Given the Fourier transform $G(\vec{k}) = \frac{1}{A + B k^4}$ of a function $G(\vec{x})$, I wish to infer the asymptotic behaviour of $G(\vec{x})$ as $|{\vec{x}}| \to \infty$. Note that $\vec{x} \in \mathbb{R}^2$ and $A,B > 0$. I thought of writing $G(\vec{x}/a)$, doing u-substitutions in the integrals and eventually expanding in a series for $a$ close to $0$, but this got me nowhere. Does anyone have any hints on how to proceed?
Thanks.
First of all, let's define Fourier Transformation as $$F(\vec k)=\int_{-\infty}^\infty f(\vec x) e^{-i(\vec k,\vec x)} d^2x$$ Thus, $$f(\vec x)=\frac{1}{(2\pi)^2}\int_{-\infty}^\infty F(\vec k) e^{i(\vec k,\vec x)} d^2k=\frac{1}{(2\pi)^2B}\int_0^\infty \int_0^{2\pi}\frac{e^{ikx\cos\phi}}{a+k^4} d\phi$$ where $a=\frac{A}{B}$.

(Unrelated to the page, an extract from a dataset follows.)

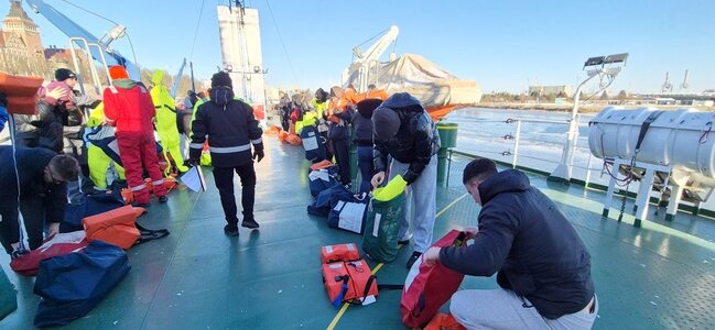 2 lutego 2026 roku uczniowie# klas IV i V Technikum nr 2 w Zespole Szkół Żeglugi Śródlądowej im. kmdr. Bolesława Romanowskiego w Nakle nad Notecią kształcącego w zawodzie technik żeglugi śródlądowej zostali zamustrowani na statek Politechniki Morskiej „Nawigator XXI”. Zostali przydzieleni do poszczególnych wacht i rozpoczęli praktykę zawodową.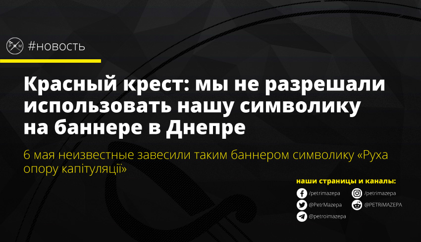 6 мая, неизвестные закрыли символику штаба «Движения сопротивления капитуляции» («Руха опору капітуляції» - РОК) в Днепре баннером с информацией о том, что в помещении общественного хаба «Медиапространство» находится штаб по борьбе с COVID-19, и эмблемой Красного креста. Красный крест в Украине на следующий день выпустил разъяснение – их организация не давала разрешение на использование данной эмблемы в Днепре и не заказывала такой баннер.

But $$\int_0^{2\pi}e^{ikx\cos\phi}d\phi=2\pi J_0(kx)$$ We can also express the Bessel function (please, look here - formula 10.9.8) in the form $$J_0(z)=\frac{2}{\pi}\int_0^\infty\sin(z\cosh t)dt\,\,(z>0)$$ The integrand in our case is even, and we can write $$f(\vec x)=f(x)=\frac{1}{4\pi^2 B}\int_{-\infty}^\infty dt\int_{-\infty}^\infty\frac{\sin(kx\cosh t)}{a+k^4}kdk=\frac{1}{4\pi^2 B}\Im\int_{-\infty}^\infty dt\int_{-\infty}^\infty\frac{e^{ikx\cosh t}}{a+k^4}kdk$$ To evaluate $I=\int_{-\infty}^\infty\frac{e^{ikx\cosh t}}{a+k^4}k\,dk$ we integrate in the complex plane, adding a big half-circle in the upper half-plane. The integrand declines rapidly enough, so the integral along this half-circle tends to zero as the radius tends to $\infty$. The integrand has two poles inside the contour. $$I=\int_{-\infty}^\infty\frac{e^{ikx\cosh t}}{a+k^4}kdk=2\pi i Res_{\binom{k=a^{1/4}e^{\pi i/4}}{k=a^{1/4}e^{3\pi i/4}}}\frac{e^{ikx\cosh t}}{a+k^4}$$ Residues evaluation is straightforward: $$I=\frac{\pi}{2\sqrt a}\big(e^{-a^{1/4}x\cosh t\frac{1-i}{\sqrt2}}-e^{-a^{1/4}x\cosh t\frac{1+i}{\sqrt2}}\big)$$ $$f(x)=\frac{1}{4\pi B\sqrt a}\Im\int_{-\infty}^\infty e^{-c\cosh t}dt$$ where we denoted $c=a^{1/4}xe^{-\frac{\pi i}{4}}$.
To find the asymptotics of the integral at $x\to\infty$ we use the steepest descent method. The saddle point is $t=0$. Near this point $\cosh t\approx 1+\frac{t^2}{2}$ $$\int_{-\infty}^\infty e^{-c\cosh t}dt\sim\int_{-\infty}^\infty e^{-c(1+\frac{t^2}{2})}dt=e^{-c}\sqrt\frac{2\pi}{c}$$ $$\Im \,e^{-c}\sqrt\frac{2\pi}{c}=\Im \Bigg(e^{-a^{1/4}x\frac{1-i}{\sqrt 2}}\sqrt\frac{2\pi}{a^{1/4}xe^{-\frac{\pi i}{4}}}\Bigg)=\sqrt\frac{2\pi}{a^{1/4}x}e^{-\frac{a^{1/4}x}{\sqrt 2}}\sin\Big(\frac{a^{1/4}x}{\sqrt 2}-\frac{\pi}{8}\Big)$$ $$f(x)=\frac{1}{2\sqrt{2\pi}}\frac{1}{Ba^{5/8}}\frac{e^{-\frac{a^{1/4}x}{\sqrt2}}}{\sqrt x}\sin\Big(\frac{a^{1/4}x}{\sqrt 2}-\frac{\pi}{8}\Big)\,, \,\, a=\frac{A}{B}, \,\,x\gg1$$ I would recommend to check the calculations.